Recon replaced the Access now at Orvis, right? They don't even have the Recon on the website yet but it's in the store. Just got my 9' 8wt Access about 6 months ago...figures.


Posted using Outdoor Hub Campfire


----------



## IGbullshark (Aug 10, 2012)

Yeah but which rod?


----------



## Rasper (Sep 6, 2012)

I just picked up an Echo Edge 9' 7wt.... already had an Echo Ion reel and Echo sphere floating streamer/nymphing line. I have some 10' sink tips and my girl just bought me the complete 5' airflo polyleader kit. Floating to 6.1ips. Can't wait to get out and give it a go. I'll mainly be using the 5' sink tips for spring and for summer bass. The 10' sink tips are for deep holes in winter.


----------



## rickerd (Jul 16, 2008)

get a 10 footer for these streams. trust me more forgiveness on feisty fish and a longer reach for high sticking.

I got the 10' 7wt Echo Ion a couple years back, it is perfect for our streams. Swinging, nymphing. My 9 year old was casting it well last Spring with a sinktip on it. This rod is made for our streams and fish.

Rickerd


----------



## lunker23 (Jun 28, 2013)

So, I just got the scoop on the 10' Recons. They won't ship until 3-6-2015 and you can't pre order. I've taken the information you guys provided and I may return the 8wt 9' that I purchased and either wait for the 7wt 10' to ship or just get the 7wt 9' (which the Orvis store already has). 
I will be using this rod all year round so Steelhead, Largemouth, Smallmouth, Carp, Cats, etc. will be caught with this rod. I'll use the Hydros 8wt 9' when I go to the Sea of Cortez. 
With that, I think my question has been answered. I should go with the 7wt 9' Recon as this will be a better all around rod. The only other question I have is, would it be alright if I "line up" as I currently have 8 wt line on my Hydros reel? It wouldn't be a big deal to purchase 7 wt line, but I just purchased the 8 wt and would like to get my monies worth from that line.....

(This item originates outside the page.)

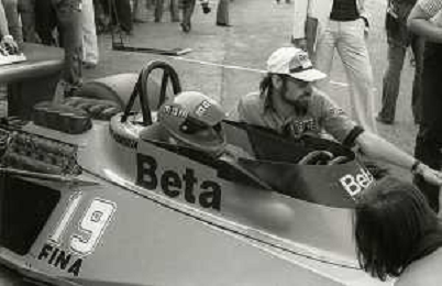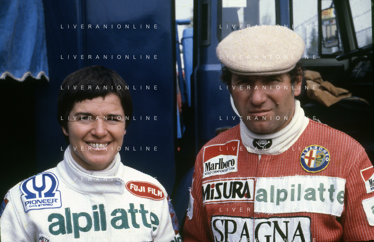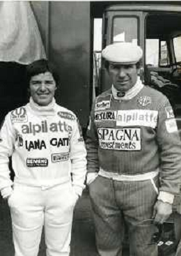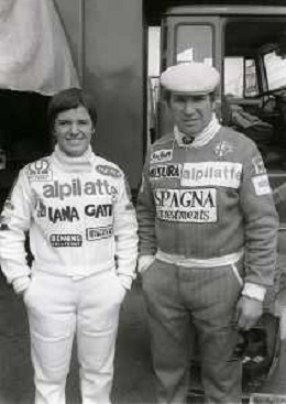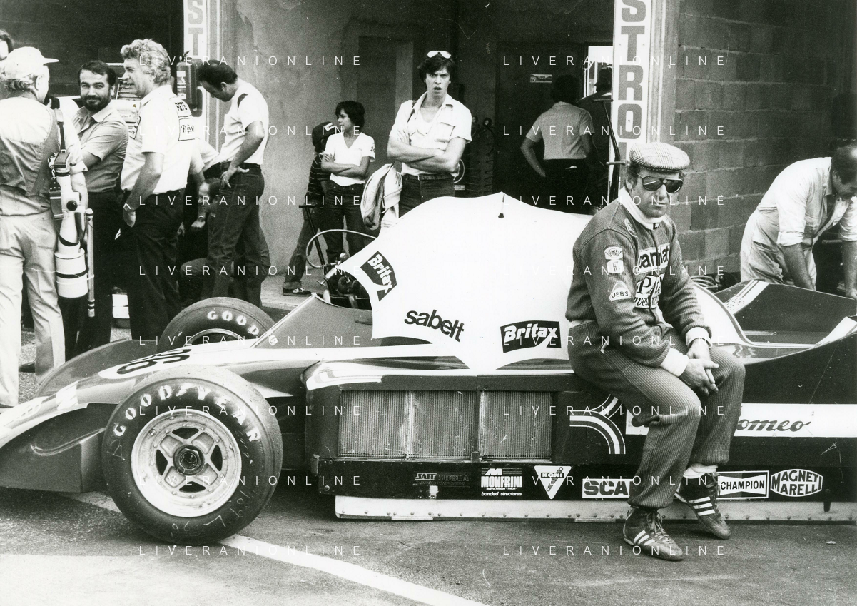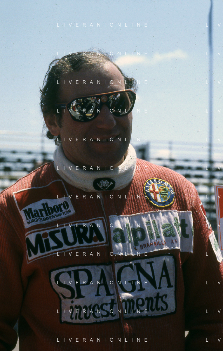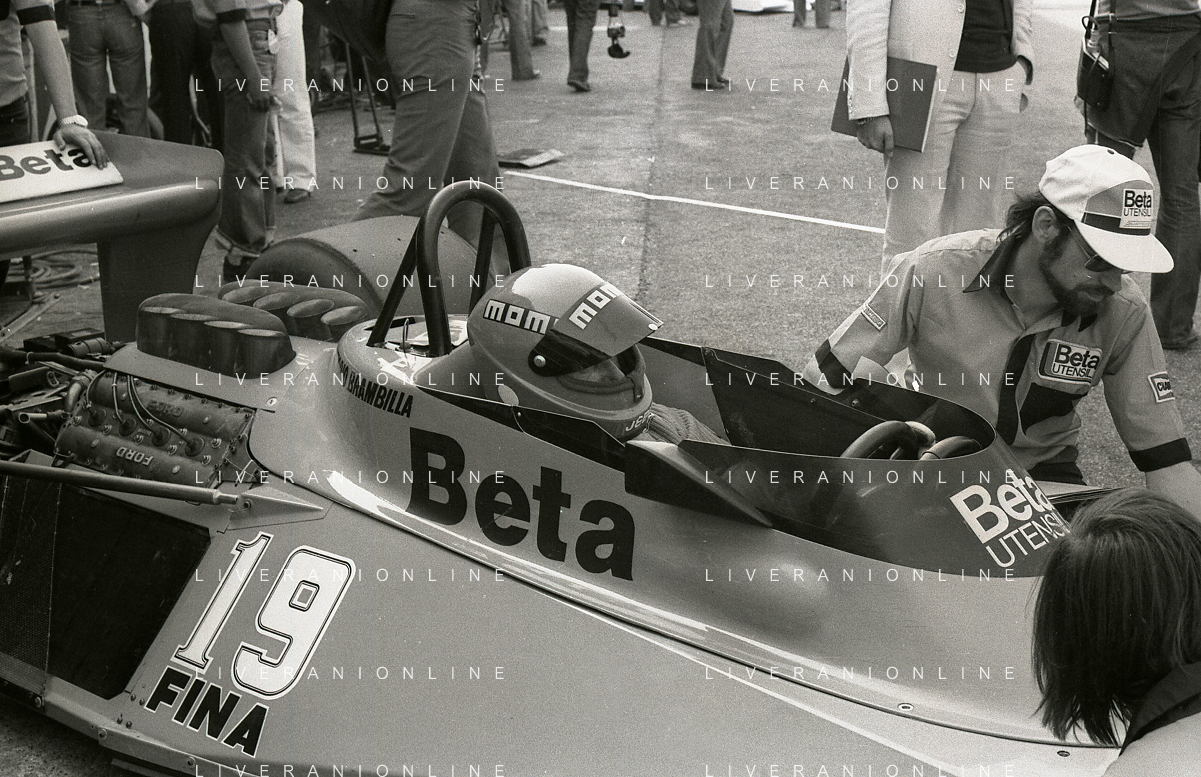 RETROSPETTIVA VITTORIO BRAMBILLA PILOTA NELLA FOTO VITTORIO BRAMBILLA NELL'ANNO 1980 A MONZA CON LELLA LOMBARDI AG ALDO LIVERANI SAS
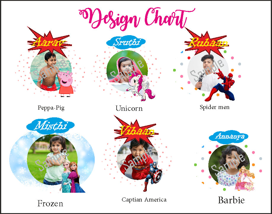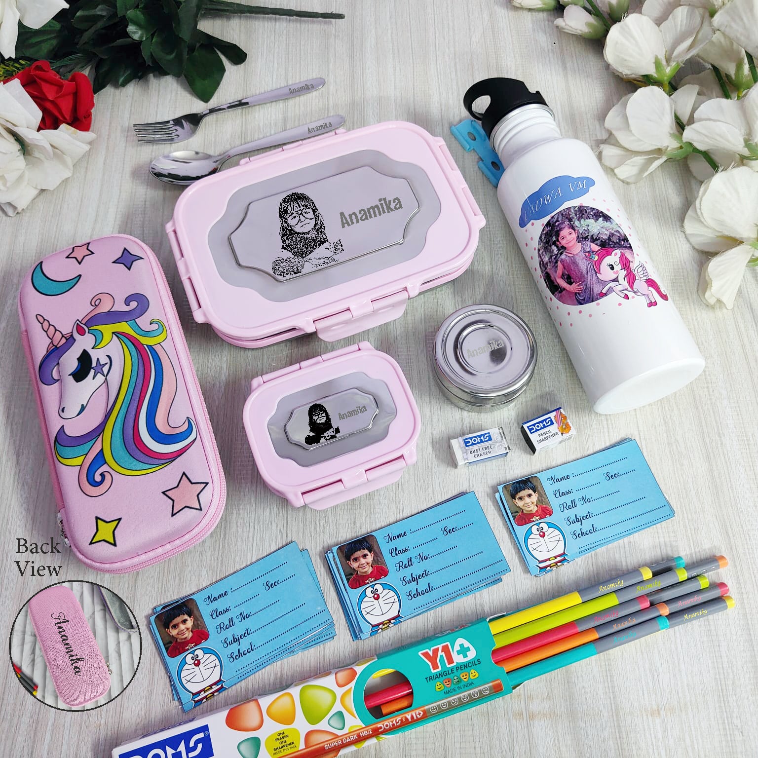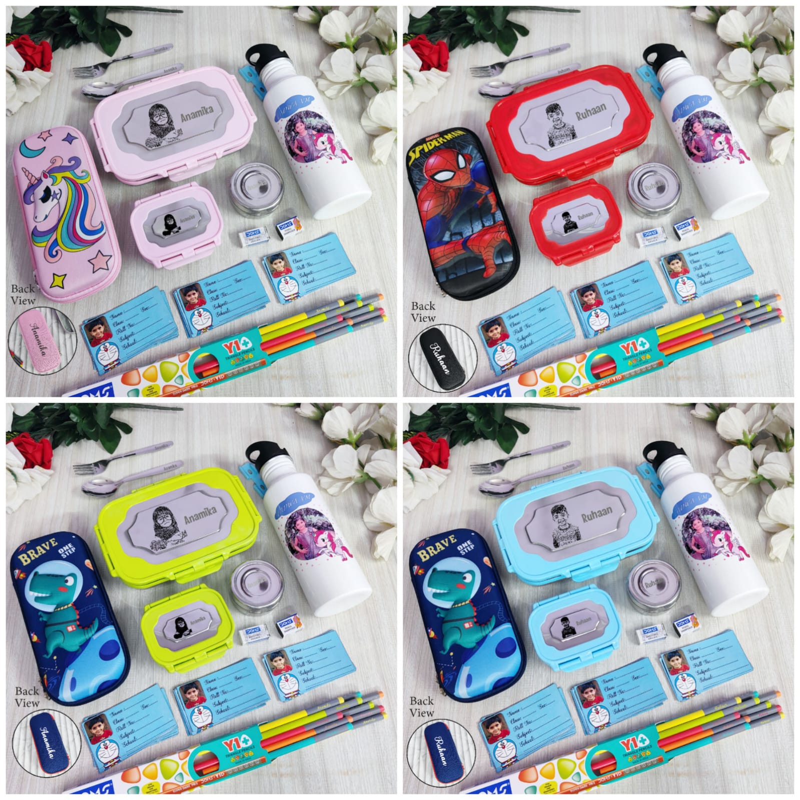 Scope of one pic & name customized on the lunch box set & bottle and one name customized for cutlery, pencil & stationary pouch.

Any thoughts or is my rambling giving you guys headaches?


----------



## Indybio72 (Nov 6, 2013)

If your going to be going for carp and bass as well with this rod, I'd stick with the 9 footer. and I see no reason you can't use the 8wt line on that rod. It's a fast action rod so it won't slow it down too much. My first rod was an 8wt and I used an 8wt line on my newer 7wt rods for awhile until I got an actual 7wt line. Never had problems with it.


----------